I have a program prog that takes input from stdin and does something to it. It also takes a flag -f FILE to find a datafile used during operation.

I wish to create a bash script to act as a wrapper around this program so that this flag need not be used. So I wrote the following script progwrap.sh:

#!/bin/bash

/path/to/prog -f /path/to/data

which does the trick for basic functionality, so that I can do something like

$ cat somedata.txt | progwrap.sh

and get what I want.

Goal

Now, it turns out that prog also takes some other flags of the form -h, -u, etc... I want to be able to pass these to progwrap.sh so that they are in turned passed to prog.
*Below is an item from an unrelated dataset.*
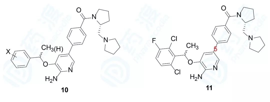 为了考察环上取代基对活性Ki和亲脂性效率LipE的影响,在苯环上引入一个或多个、相同或不同的卤素,连接链或用甲基取代、或不取代,合成了一系列通式10的衍生物,活性测定发现,衍生物11的活性最高,对c-Met酶的活性参数为:Ki=0.012μmol·L-1、LipE=4.82;对c-Met细胞的活性参数为:IC50=0.020μmol·L-1、 LipE=4.60。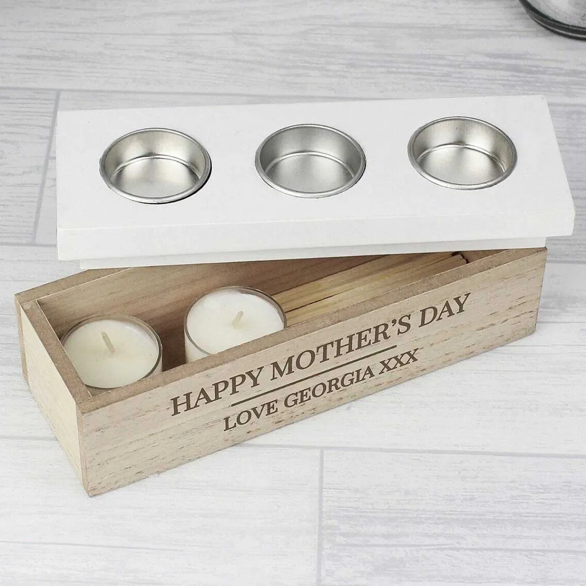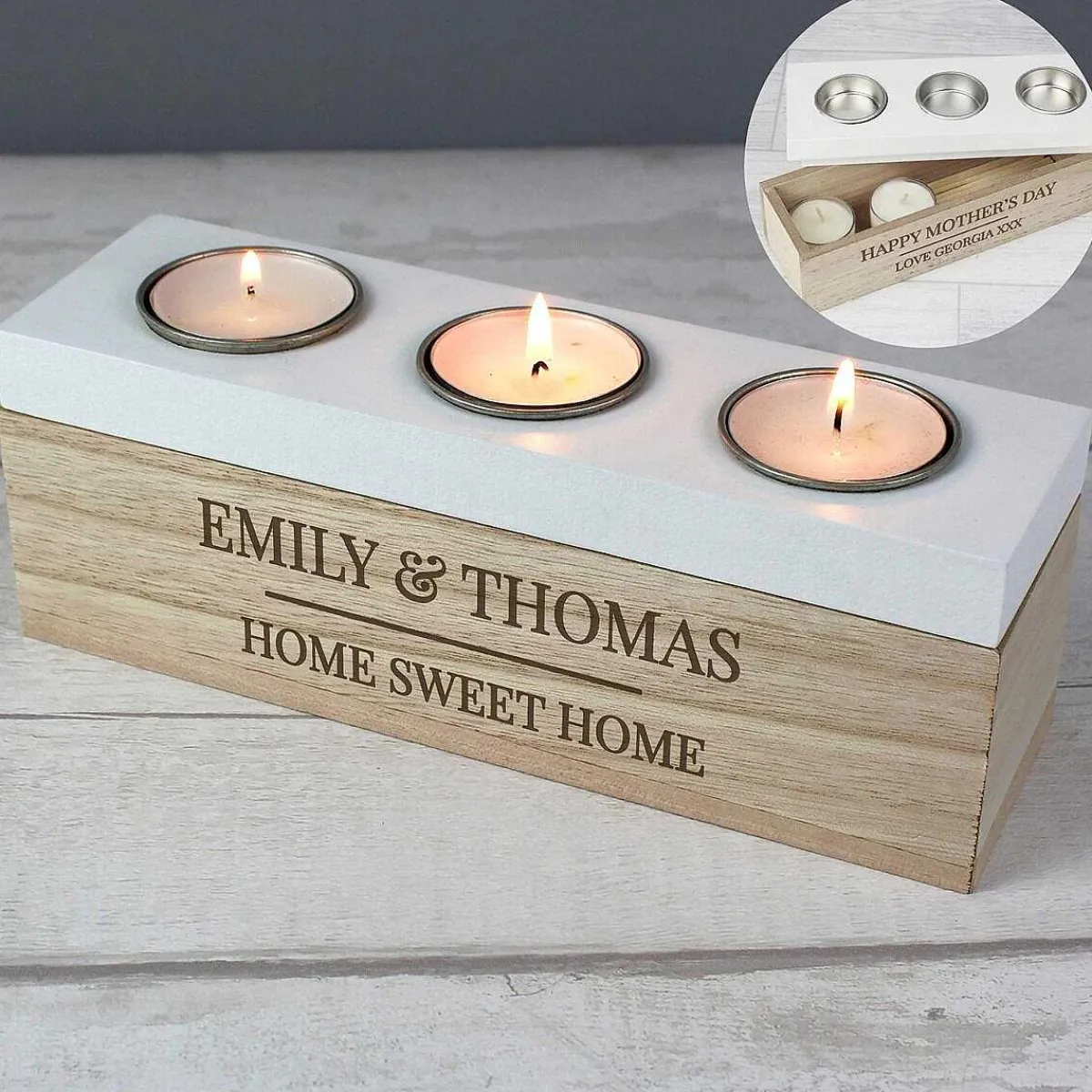 Get Your Home Organised With The Help Of Our Personalised Classic Tealight Box! This Wooden, Shabby Chic Box Can Store A Small Amount Of Tealights Or Trinkets. The Lid On The Box Can Hold 3 Tealights, Creating A Unique Feature For Any Shelf Or Mantelpiece. This Personalised Gift Is Ideal For Mother’s Day, Birthdays, Weddings, Anniversaries, A New Home, Christmas, And Valentine’s Day.

So I amended progwrap.sh as follows:

#!/bin/bash

/path/to/prog -f /path/to/data "$@"

allowing it to take arguments and supposedly feeding them to prog within the script.

Problem

However this somehow doesn't work, in that:

$ cat somedata.txt | progwrap.sh -h

produces the exact same output as

$ cat somedata.txt | progwrap.sh

which is not the correct behaviour (i.e. the output should come out in a different format as a result of the -h flag being passed to progwrap.sh).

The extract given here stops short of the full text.